Just to be sure, our results are still in line with the previous ones.
benchmarking Lookup Int (Randomized)/Data.Map.Lazy:1000000
time 79.75 ns (78.30 ns .. 81.66 ns)
benchmarking Lookup Int (Randomized)/Data.Map.Strict:1000000
time 77.79 ns (77.36 ns .. 78.37 ns)
benchmarking Lookup Int (Randomized)/Data.HashMap.Lazy:1000000
time 45.12 ns (44.96 ns .. 45.38 ns)
benchmarking Lookup Int (Randomized)/Data.HashMap.Strict:1000000
time 45.20 ns (44.91 ns .. 45.49 ns)
benchmarking Lookup Int (Randomized)/Data.IntMap.Lazy:1000000
time 80.78 ns (76.73 ns .. 85.77 ns)
benchmarking Lookup Int (Randomized)/Data.IntMap.Strict:1000000
time 73.59 ns (73.25 ns .. 74.25 ns)
Everyone should now be able to accurately estimate how long their benchmark program will take. The basic rule of thumb is 5s per call to bench
. If a function takes longer than ~500ms though, you have to multiply it by 15.
Allocation
The second major change is that allocation numbers are now more accurate. We can use this page for calculating allocations.
Here is benchmark that we can use to test:
-- Alloc.hs
module Main where
import Criterion.Main
main :: IO ()
main = defaultMain
[ bench "Bool" $ whnf (toEnum :: Int -> Bool) 0
-- ^ Should be 0, True and False are shared in memory
, bench "Char" $ whnf chr 0
-- ^ Should be 2 words, a single Char
]
Criterion lets you collect and analyze more data than just time. We can look at allocations with --regress allocated:iters
. This will report how much is allocated in a single iteration. We also need to turn on stat collection with +RTS -T
.
$ ./Alloc --regress allocated:iters +RTS -T
benchmarking primitives/Bool
iters 1.165e-7 (-1.831e-5 .. 2.058e-5)
benchmarking primitives/Char
iters 16.000 (16.000 .. 16.000)
The value after iters
is the number of bytes allocated per iteration. If we multiply our guess by 8 (because a word is 8 bytes on my machine), we see that they match. Here’s the output from before my change, but after a garbage collection change that improved the results greatly.
benchmarking primitives/Bool
iters 32.000 (32.000 .. 32.000)
benchmarking primitives/Char
iters 48.000 (48.000 .. 48.000)
So I managed to save 32 bytes per iteration. Which not only makes the results cleaner, but also prevents the useless allocation of memory. For reference, currently the Char
benchmark runs for ~500 million iterations total.
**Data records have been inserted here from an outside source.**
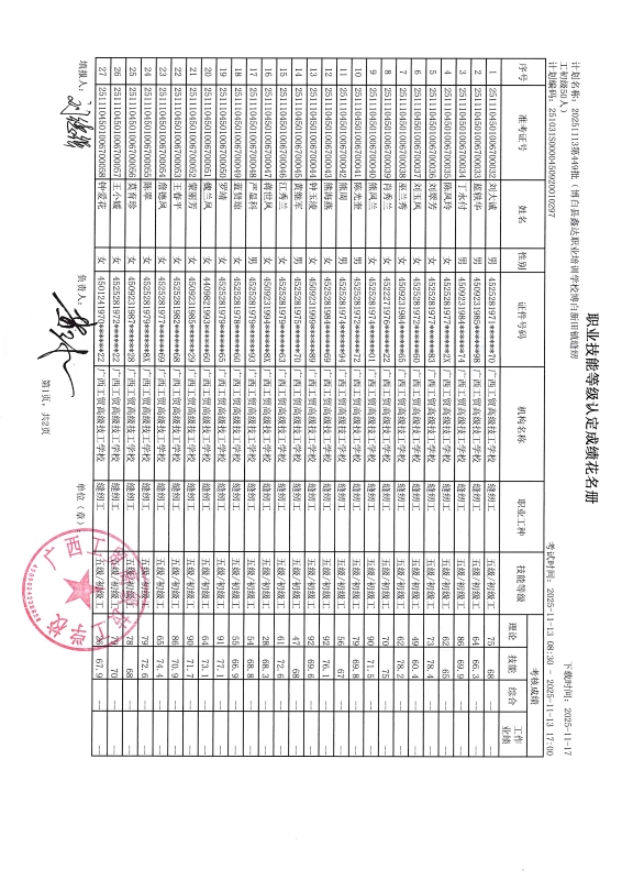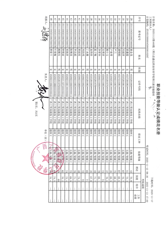广西工贸高级技工学校关于2025-11-13第449批职业技能等级认定成绩公示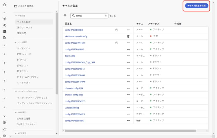 チェックが正常に完了すると、チャネル設定のステータスが「アクティブ」になります。メッセージの配信に使用する準備が整いました。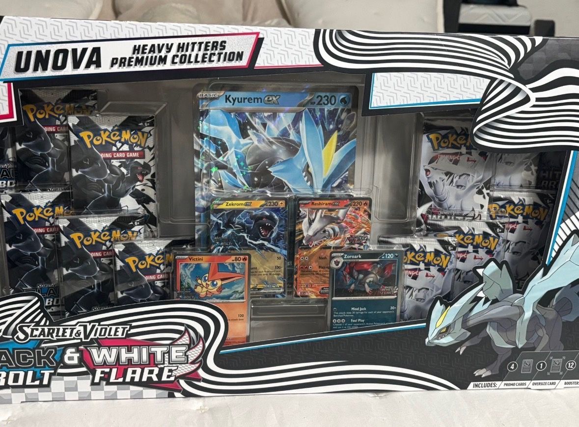 Pickup in West Covina foil promo cards featuring Zekrom ex and Reshiram ex • 2 foil promo cards featuring Victini and Zoroark • 1 oversize foil promo card featuring Kyurem ex • 6 Pokémon TCG: Scarlet & Violet-Black Bolt booster packs • 6 Pokémon TCG: Scarlet & Violet-White Flare booster packs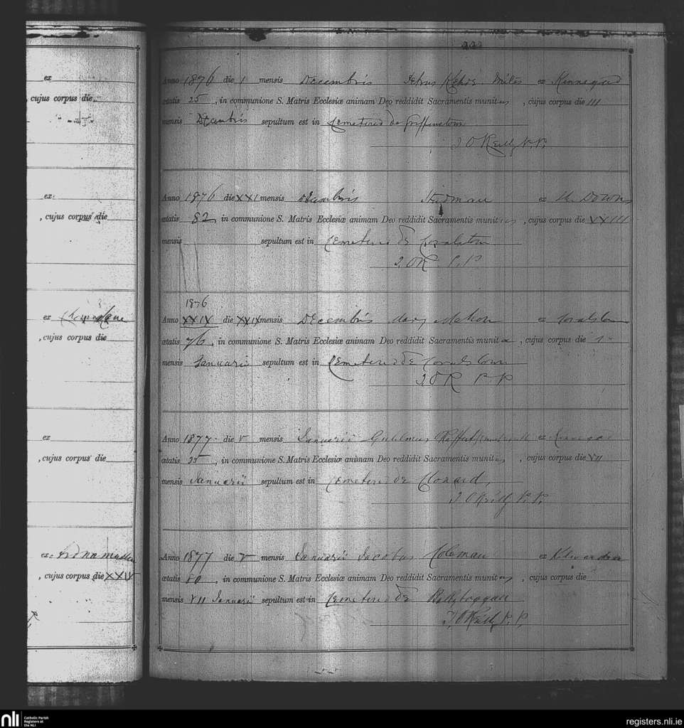 Kinnegad; County of Westmeath; Diocese of Meath. Deaths, Dec. 1876 to Jan. 1877
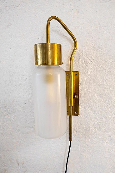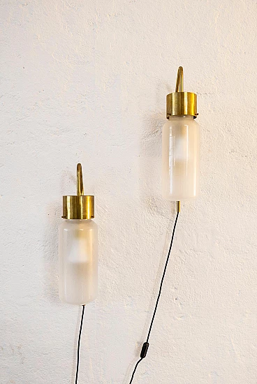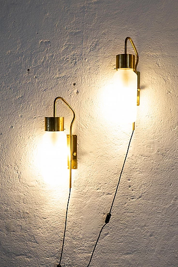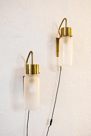Pair of LP10 Bidone wall lights by Luigi Caccia Dominioni for Azucena, 1950s. Caccia Dominioni is perhaps the most important architect of post-World War II Milan. His designs had a great impact on the reconstruction of the devastated city, while paving the way for the new style that would be called "Milanese rationalism" by historians and critics. But in addition to being a prolific architect, author of some of the city's most famous residential buildings, he also worked extensively as a designer, dealing with lighting and furniture. In 1947, together with colleagues Ignazio Gardella and Corrado Corradi Dell'Acqua, he founded Azucena. The brand, named after a flower, was active for many years in the field of high-end design. After a stop of several years, Azucena was revived and continues to produce the pieces for which it became famous in the past; however, it is the original pieces that drive collectors crazy at auctions and on the vintage market. The pair of LP10 lamps proposed here, nicknamed "Bidone" (because their shape resembles a milk can, "bidone del latte" in italian), is indeed part of the first production, as the details and patina suggest. The glass shades are probably original and match the originals exactly in shape, length and diameter. The lamps are fully functioning and have recently been serviced by a professional electrician to ensure their safety during use. They are delivered with the black wire visible in the picture, a switch and a plug. They can be easily converted for direct wall wiring.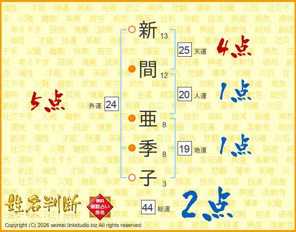 新(13画)間(12画) 亜(8画)季(8画)子(3画)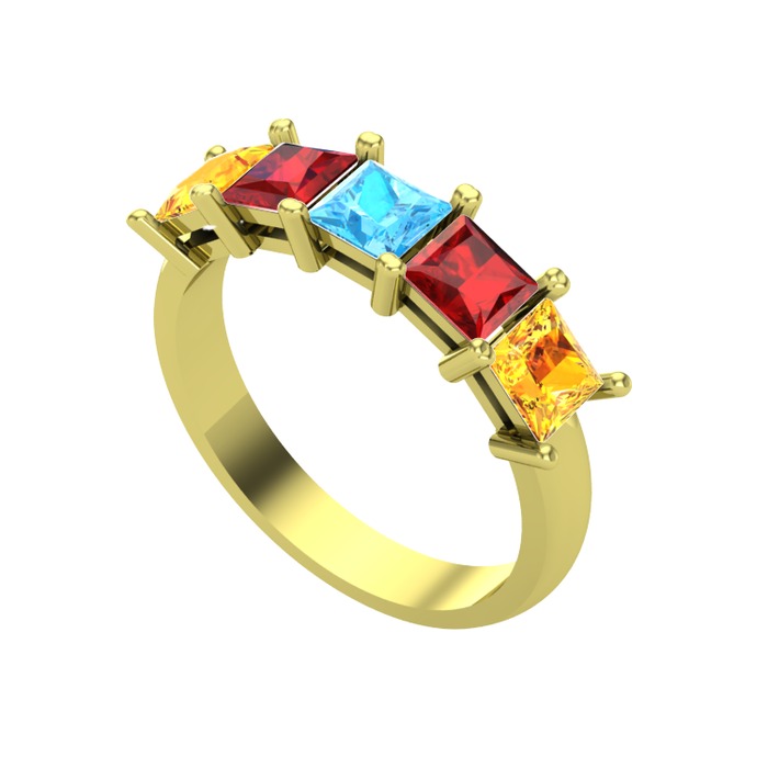 Akuamarin, garnet ve sitrin 18 ayar altın yüzük

That comes out to 16GB of saved memory.
It turns out that the vast majority of the improvements came by switching to performMinorGC
instead of performGC
, but I think the other changes were worth it. When the number one suggestion for reasoning about Haskell code is “benchmark it”, your benchmarks better be pretty darn accurate.